The last of Rome's bath complexes, they were constructed in the irregular space enclosed by the vicus Longus, the Alta Semita, the clivus Salutis and the vicus laci Fundani. And as this was on a side-hill, it was necessary to demolish the 4th-century houses then on the site (beneath which are ruins of second- and third-century houses) and make an artificial level over their ruins. Because of these peculiar conditions, these thermae differed in plan from all others in the city – no anterooms were provided on either side of the caldarium, for instance, since the building was too narrow. The building was oriented north–south so as to heat it using the sun, with principal entrances on the west side, where there was a flight of steps down from the hill's summit to the Campus Martius, and on the middle of the north side.

As the main structure occupied all the space between the streets on the east and west, the ordinary peribolus was replaced by an enclosure across the front which was bounded on the north by a curved line, an area now occupied by the Palazzo della Consulta. The frigidarium seems to have had its longer axis aligned north and south instead of east and west, and behind it were tepidarium and caldarium, both circular in shape.

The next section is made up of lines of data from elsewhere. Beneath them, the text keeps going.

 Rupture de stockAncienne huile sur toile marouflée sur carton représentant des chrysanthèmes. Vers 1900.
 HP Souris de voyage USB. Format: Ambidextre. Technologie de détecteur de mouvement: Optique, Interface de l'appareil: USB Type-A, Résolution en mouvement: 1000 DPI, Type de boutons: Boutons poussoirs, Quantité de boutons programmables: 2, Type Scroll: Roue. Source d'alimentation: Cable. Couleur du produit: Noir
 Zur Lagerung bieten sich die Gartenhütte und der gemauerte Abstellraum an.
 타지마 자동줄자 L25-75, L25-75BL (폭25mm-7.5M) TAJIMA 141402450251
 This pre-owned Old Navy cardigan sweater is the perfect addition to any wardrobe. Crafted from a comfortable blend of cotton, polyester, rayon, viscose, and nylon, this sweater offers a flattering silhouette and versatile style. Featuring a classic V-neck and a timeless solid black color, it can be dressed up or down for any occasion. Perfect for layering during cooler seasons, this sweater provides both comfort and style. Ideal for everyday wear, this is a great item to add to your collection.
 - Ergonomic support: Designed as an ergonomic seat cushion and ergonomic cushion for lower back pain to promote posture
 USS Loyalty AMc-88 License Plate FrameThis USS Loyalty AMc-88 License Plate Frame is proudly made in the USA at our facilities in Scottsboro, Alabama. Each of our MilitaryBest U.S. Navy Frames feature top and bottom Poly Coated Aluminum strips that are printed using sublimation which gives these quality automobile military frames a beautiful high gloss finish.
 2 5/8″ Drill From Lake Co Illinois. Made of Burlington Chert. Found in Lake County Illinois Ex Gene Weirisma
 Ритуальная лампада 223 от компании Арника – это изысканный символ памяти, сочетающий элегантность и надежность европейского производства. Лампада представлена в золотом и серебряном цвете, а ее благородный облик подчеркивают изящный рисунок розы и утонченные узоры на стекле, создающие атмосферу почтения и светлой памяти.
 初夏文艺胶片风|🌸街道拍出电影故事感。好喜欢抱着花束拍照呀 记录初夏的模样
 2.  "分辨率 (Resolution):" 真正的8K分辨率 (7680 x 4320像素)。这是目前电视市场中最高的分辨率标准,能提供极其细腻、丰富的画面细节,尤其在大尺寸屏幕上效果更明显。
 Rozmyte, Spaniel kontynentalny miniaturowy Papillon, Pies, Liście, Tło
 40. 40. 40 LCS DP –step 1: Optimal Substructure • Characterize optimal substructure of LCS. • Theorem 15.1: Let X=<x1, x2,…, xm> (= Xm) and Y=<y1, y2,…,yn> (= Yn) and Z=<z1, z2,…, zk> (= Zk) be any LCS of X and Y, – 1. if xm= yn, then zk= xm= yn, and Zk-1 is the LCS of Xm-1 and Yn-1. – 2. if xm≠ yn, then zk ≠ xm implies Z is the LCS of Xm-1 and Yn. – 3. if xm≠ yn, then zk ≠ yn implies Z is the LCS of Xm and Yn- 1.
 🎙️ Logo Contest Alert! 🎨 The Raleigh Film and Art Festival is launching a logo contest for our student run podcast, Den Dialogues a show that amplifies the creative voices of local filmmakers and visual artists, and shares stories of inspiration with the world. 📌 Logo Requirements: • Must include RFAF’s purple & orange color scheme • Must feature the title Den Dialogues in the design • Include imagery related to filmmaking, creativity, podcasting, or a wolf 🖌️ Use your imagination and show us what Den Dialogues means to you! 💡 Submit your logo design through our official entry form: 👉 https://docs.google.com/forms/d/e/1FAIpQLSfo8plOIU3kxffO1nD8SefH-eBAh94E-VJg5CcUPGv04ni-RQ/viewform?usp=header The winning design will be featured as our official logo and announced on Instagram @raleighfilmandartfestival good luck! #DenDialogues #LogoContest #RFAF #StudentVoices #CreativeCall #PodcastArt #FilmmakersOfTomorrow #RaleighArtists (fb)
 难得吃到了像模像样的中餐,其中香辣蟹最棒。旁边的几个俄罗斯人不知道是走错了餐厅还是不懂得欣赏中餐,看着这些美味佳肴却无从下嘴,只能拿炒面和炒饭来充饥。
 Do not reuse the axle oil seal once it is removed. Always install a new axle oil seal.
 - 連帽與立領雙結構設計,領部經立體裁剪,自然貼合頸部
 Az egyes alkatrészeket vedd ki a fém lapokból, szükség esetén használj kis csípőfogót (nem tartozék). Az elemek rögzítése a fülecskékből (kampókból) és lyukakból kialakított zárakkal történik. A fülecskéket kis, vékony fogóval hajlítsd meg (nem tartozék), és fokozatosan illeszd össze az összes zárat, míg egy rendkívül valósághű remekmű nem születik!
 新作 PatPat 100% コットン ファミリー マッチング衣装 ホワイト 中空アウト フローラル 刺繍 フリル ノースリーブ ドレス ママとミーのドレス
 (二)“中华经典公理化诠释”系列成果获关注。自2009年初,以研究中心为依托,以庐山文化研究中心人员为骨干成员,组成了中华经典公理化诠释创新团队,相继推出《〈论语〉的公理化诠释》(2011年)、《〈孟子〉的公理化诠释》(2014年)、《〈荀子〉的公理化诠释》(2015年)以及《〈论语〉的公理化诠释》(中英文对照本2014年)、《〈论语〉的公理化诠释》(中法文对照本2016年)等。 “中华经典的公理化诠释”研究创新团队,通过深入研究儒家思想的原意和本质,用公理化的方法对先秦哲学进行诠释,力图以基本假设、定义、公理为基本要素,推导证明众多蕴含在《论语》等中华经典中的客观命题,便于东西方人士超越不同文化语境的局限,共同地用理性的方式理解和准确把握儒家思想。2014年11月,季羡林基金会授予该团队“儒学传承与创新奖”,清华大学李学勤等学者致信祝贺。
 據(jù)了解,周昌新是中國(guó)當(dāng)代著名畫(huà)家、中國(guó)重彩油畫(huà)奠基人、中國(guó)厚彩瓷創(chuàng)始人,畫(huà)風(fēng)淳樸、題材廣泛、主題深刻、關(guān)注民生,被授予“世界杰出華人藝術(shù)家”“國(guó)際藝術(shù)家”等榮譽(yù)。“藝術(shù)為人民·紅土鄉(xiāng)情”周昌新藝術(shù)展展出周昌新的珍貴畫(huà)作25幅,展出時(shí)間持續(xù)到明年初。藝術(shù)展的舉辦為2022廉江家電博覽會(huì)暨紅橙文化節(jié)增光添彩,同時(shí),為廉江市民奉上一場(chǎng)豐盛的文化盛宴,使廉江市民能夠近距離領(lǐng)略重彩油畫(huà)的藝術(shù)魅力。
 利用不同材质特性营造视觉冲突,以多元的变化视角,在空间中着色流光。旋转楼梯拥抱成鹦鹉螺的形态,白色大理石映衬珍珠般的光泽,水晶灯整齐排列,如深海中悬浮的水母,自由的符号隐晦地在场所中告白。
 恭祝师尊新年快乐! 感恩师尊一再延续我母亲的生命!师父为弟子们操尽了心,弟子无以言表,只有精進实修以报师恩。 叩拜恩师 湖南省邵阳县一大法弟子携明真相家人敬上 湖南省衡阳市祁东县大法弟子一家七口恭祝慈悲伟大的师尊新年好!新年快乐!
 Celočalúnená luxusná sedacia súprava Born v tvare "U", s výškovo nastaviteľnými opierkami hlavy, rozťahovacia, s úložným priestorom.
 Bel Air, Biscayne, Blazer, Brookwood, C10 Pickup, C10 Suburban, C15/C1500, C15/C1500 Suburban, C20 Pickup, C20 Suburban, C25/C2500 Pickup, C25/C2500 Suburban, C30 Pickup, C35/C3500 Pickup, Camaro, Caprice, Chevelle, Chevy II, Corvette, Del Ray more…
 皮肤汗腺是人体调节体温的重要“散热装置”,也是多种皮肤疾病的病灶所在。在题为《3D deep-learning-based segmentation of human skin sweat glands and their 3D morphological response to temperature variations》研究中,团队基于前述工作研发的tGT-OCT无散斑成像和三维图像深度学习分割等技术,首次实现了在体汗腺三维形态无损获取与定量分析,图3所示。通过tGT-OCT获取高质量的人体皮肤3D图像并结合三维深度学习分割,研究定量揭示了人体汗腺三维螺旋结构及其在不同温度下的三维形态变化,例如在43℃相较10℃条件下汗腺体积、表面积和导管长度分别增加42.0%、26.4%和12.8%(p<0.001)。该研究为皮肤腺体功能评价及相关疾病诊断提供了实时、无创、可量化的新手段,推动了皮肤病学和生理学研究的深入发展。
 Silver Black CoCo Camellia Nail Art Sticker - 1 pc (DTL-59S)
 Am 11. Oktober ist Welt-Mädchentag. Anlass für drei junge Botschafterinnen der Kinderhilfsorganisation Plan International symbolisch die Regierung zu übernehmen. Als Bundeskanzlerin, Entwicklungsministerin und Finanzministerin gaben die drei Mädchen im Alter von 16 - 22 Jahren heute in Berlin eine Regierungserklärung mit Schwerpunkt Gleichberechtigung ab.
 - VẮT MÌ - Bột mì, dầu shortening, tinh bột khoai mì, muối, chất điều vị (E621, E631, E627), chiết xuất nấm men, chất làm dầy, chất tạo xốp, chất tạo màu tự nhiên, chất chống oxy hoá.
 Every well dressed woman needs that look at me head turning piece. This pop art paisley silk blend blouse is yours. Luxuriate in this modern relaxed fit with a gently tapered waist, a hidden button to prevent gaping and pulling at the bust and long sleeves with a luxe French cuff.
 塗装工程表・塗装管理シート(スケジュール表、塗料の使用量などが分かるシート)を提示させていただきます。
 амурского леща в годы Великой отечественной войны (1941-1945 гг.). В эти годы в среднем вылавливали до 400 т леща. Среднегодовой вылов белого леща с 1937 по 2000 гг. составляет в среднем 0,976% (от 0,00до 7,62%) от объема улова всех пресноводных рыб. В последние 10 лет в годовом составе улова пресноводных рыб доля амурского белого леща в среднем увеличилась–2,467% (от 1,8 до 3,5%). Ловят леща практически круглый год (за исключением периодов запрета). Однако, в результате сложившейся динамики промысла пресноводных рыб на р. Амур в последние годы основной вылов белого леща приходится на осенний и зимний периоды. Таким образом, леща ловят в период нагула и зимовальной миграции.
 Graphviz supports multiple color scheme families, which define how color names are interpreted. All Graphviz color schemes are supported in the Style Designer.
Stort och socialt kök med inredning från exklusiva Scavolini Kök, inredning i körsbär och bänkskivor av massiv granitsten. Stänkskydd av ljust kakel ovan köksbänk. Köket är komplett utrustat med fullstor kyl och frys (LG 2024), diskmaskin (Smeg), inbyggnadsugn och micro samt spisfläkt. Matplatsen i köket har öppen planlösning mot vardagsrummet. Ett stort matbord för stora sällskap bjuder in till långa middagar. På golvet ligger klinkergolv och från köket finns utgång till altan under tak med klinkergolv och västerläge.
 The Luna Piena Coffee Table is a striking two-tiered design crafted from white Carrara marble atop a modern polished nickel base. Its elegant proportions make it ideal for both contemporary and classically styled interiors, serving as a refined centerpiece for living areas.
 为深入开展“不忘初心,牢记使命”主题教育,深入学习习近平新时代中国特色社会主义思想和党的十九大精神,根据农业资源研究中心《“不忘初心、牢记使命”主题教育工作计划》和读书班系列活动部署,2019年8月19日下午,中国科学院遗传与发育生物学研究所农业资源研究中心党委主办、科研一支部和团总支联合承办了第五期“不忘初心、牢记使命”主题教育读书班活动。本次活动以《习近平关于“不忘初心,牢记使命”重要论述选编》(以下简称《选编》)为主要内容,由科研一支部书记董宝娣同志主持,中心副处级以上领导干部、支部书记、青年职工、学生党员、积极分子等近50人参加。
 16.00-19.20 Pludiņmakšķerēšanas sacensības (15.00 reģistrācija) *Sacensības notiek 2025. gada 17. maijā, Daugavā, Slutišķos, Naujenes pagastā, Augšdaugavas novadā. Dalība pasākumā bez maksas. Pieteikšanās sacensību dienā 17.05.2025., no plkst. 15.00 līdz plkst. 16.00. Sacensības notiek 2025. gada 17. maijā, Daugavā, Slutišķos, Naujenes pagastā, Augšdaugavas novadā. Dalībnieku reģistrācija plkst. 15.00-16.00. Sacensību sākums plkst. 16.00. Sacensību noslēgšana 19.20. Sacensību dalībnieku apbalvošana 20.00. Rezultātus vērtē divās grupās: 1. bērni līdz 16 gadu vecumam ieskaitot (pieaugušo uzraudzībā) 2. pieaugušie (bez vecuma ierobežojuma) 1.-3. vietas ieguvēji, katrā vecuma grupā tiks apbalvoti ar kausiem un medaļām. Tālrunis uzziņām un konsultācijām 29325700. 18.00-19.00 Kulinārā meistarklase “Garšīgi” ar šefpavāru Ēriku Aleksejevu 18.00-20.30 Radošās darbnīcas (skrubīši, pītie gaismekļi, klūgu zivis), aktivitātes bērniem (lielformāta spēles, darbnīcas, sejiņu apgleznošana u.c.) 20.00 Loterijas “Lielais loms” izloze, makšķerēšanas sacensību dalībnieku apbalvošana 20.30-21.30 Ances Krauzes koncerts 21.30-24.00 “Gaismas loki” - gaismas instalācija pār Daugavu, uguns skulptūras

The only reference to these baths in ancient literature is in Ammianus Marcellinus, though they are mentioned in the Einsiedeln Itinerary (1.10; 3.6; 7.11).

===5th century===
The baths suffered greatly from fire and earthquake in the century after their construction. They were restored in 443 by the city prefect Petronius Perpenna Magnus Quadratinus, at which time it is probable that the colossal statues of the Dioscuri and horses, now in the Piazza del Quirinale, were set up within them. The Baths of Constantine probably remained in use until the Gothic War (535–554), when all but one of the aqueducts to the city of Rome were cut by the Ostrogoths.

===Rediscovery===
Enough of the structure was standing at the beginning of the sixteenth century to permit plans and drawings by architects of that period; these are the chief sources of our knowledge of the building. The remains were almost entirely destroyed in 1605–1621 during the construction of the Palazzo Rospigliosi, but some traces were found a century later, and later in the 1870s. Some of these remains can now be seen beneath the Casino dell'Aurora.

==Art works==
Notable art works were found on the site of these thermae, among them:
- The bronze statues of a boxer and an unidentified Hellenistic Prince now in the Palazzo Massimo alle Terme of the National Roman Museum.
- Two statues of Constantine, one now housed in the narthex of the Basilica di San Giovanni in Laterano, and the other in the Capitoline Museums with a statue of his son Constantius II.
- Frescoes, in the Palazzo Rospigliosi until c.1929 and now in the Museo delle Terme - these belong to an earlier building, perhaps the Domus Claudiorum.
- The allegorical statues of the Nile and Tiber rivers flanking the staircase leading to the Palazzo Senatorio in the Piazza del Campidoglio.
- The oversized statues of Castor and Pollux known as the "Horse Tamers" which decorate the Fontana di Monte Cavallo in Piazza del Quirinale.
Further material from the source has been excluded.